Solved on Feb 15, 2024

Calculate the percent grade and angle of elevation for a highway with a vertical rise of $140$ feet over $2000$ feet of horizontal distance.

STEP 1

Assumptions
1. The vertical rise of the highway is 140 feet.
2. The horizontal distance of the highway is 2000 feet.
3. Percent grade is calculated as the ratio of vertical rise to horizontal distance, expressed as a percentage.
4. The angle of elevation is the angle formed by the horizontal distance and the line of the slope (rise).

STEP 2

First, we need to calculate the percent grade.

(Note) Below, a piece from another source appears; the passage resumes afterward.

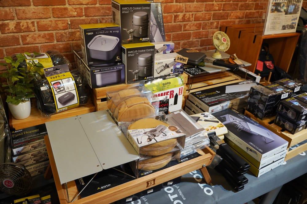 ほんの一例ですが、店内のアウトドアギアをご紹介。こちらはSOTO製品のコーナー。
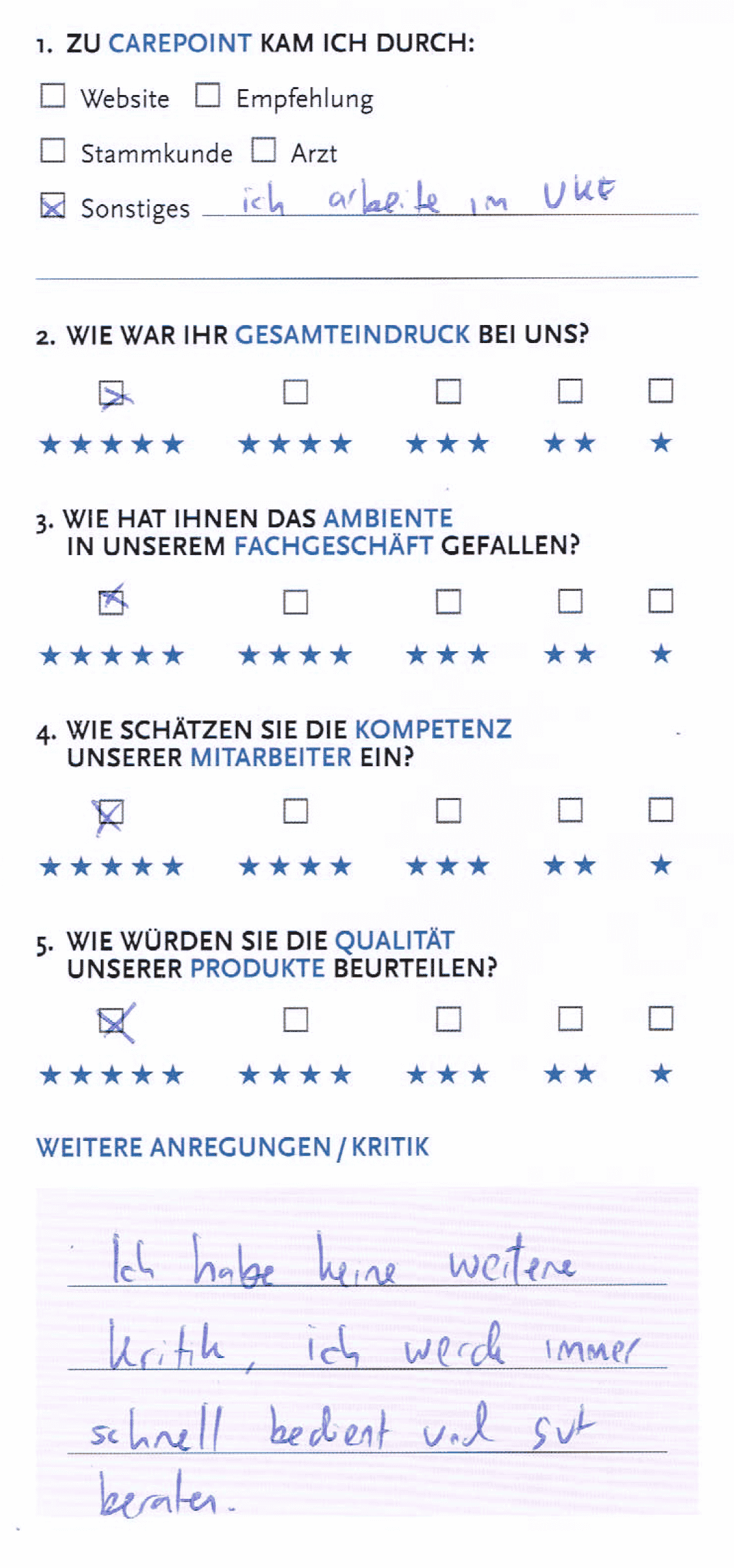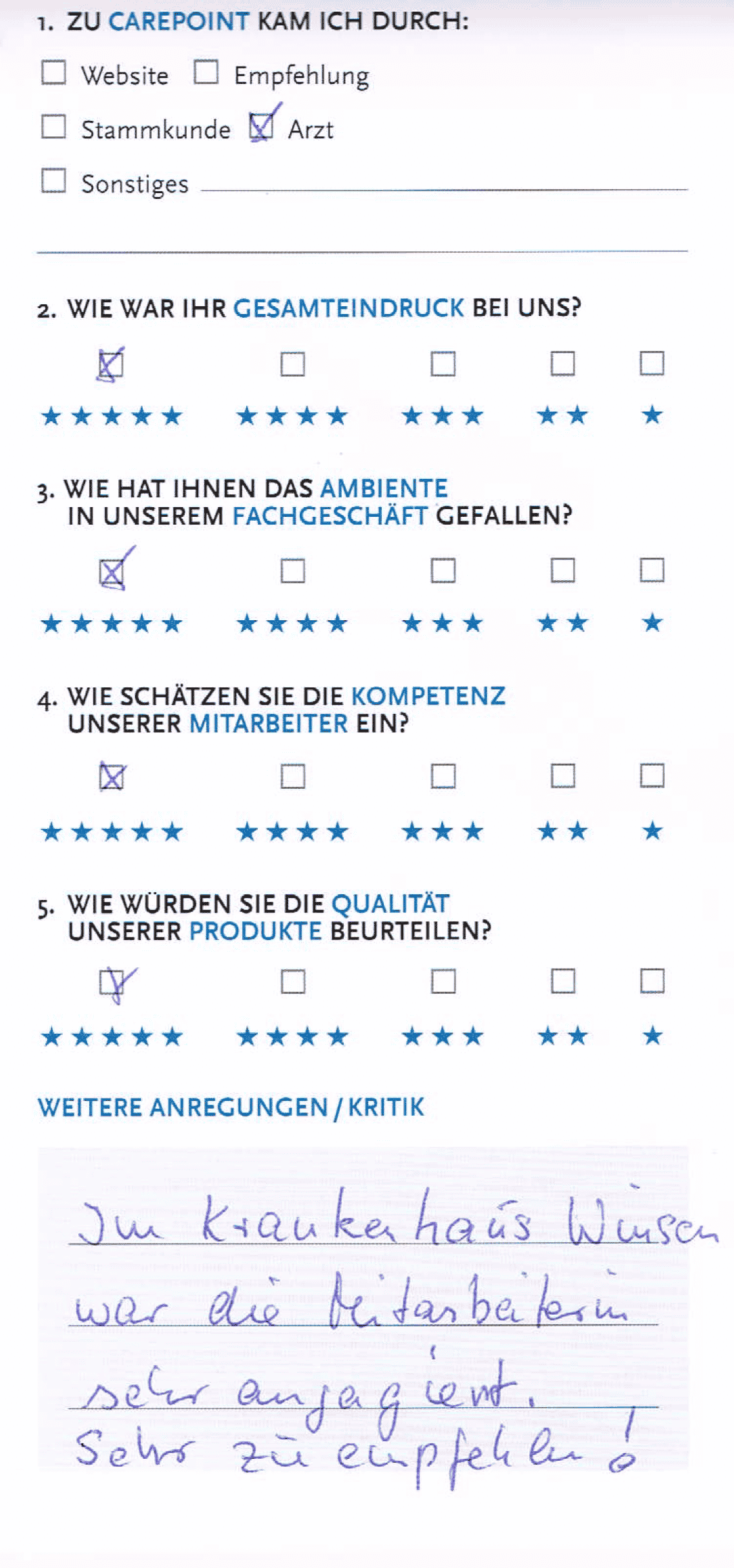Sanitätshäuser in Hamburg und Lübeck von Carepoint wurden durch beratungs-check.de auf Kundenzufriedenheit und Service getestet.

The percent grade is given by the formula:
$\text{Percent grade} = \left(\frac{\text{Vertical rise}}{\text{Horizontal distance}}\right) \times 100\%$

STEP 3

Now, plug in the given values for the vertical rise and horizontal distance to calculate the percent grade.
$\text{Percent grade} = \left(\frac{140\, \text{feet}}{2000\, \text{feet}}\right) \times 100\%$

STEP 4

Perform the division to find the ratio.
$\text{Percent grade} = \left(\frac{140}{2000}\right) \times 100\%$
$\text{Percent grade} = 0.07 \times 100\%$

STEP 5

Calculate the percent grade.
$\text{Percent grade} = 0.07 \times 100\% = 7\%$

STEP 6

Now, we need to find the angle of elevation. The angle of elevation can be found using the tangent function, since the tangent of an angle in a right triangle is the ratio of the opposite side (vertical rise) to the adjacent side (horizontal distance).
$\tan(\text{Angle of elevation}) = \frac{\text{Vertical rise}}{\text{Horizontal distance}}$

STEP 7

Plug in the given values for the vertical rise and horizontal distance to find the tangent of the angle of elevation.
$\tan(\text{Angle of elevation}) = \frac{140\, \text{feet}}{2000\, \text{feet}}$

STEP 8

Perform the division to find the tangent of the angle of elevation.
$\tan(\text{Angle of elevation}) = \frac{140}{2000}$
$\tan(\text{Angle of elevation}) = 0.07$

STEP 9

To find the angle of elevation, we need to take the arctangent (inverse tangent) of the tangent value we calculated.
$\text{Angle of elevation} = \arctan(0.07)$

STEP 10

Use a calculator or a trigonometric table to find the arctangent of 0.07 to get the angle of elevation in degrees.
$\text{Angle of elevation} = \arctan(0.07) \approx 4.01^\circ$

STEP 11

Round the angle of elevation to the nearest whole number if necessary.
$\text{Angle of elevation} \approx 4^\circ$
The percent grade of the highway is 7% and the angle of elevation is approximately 4 degrees.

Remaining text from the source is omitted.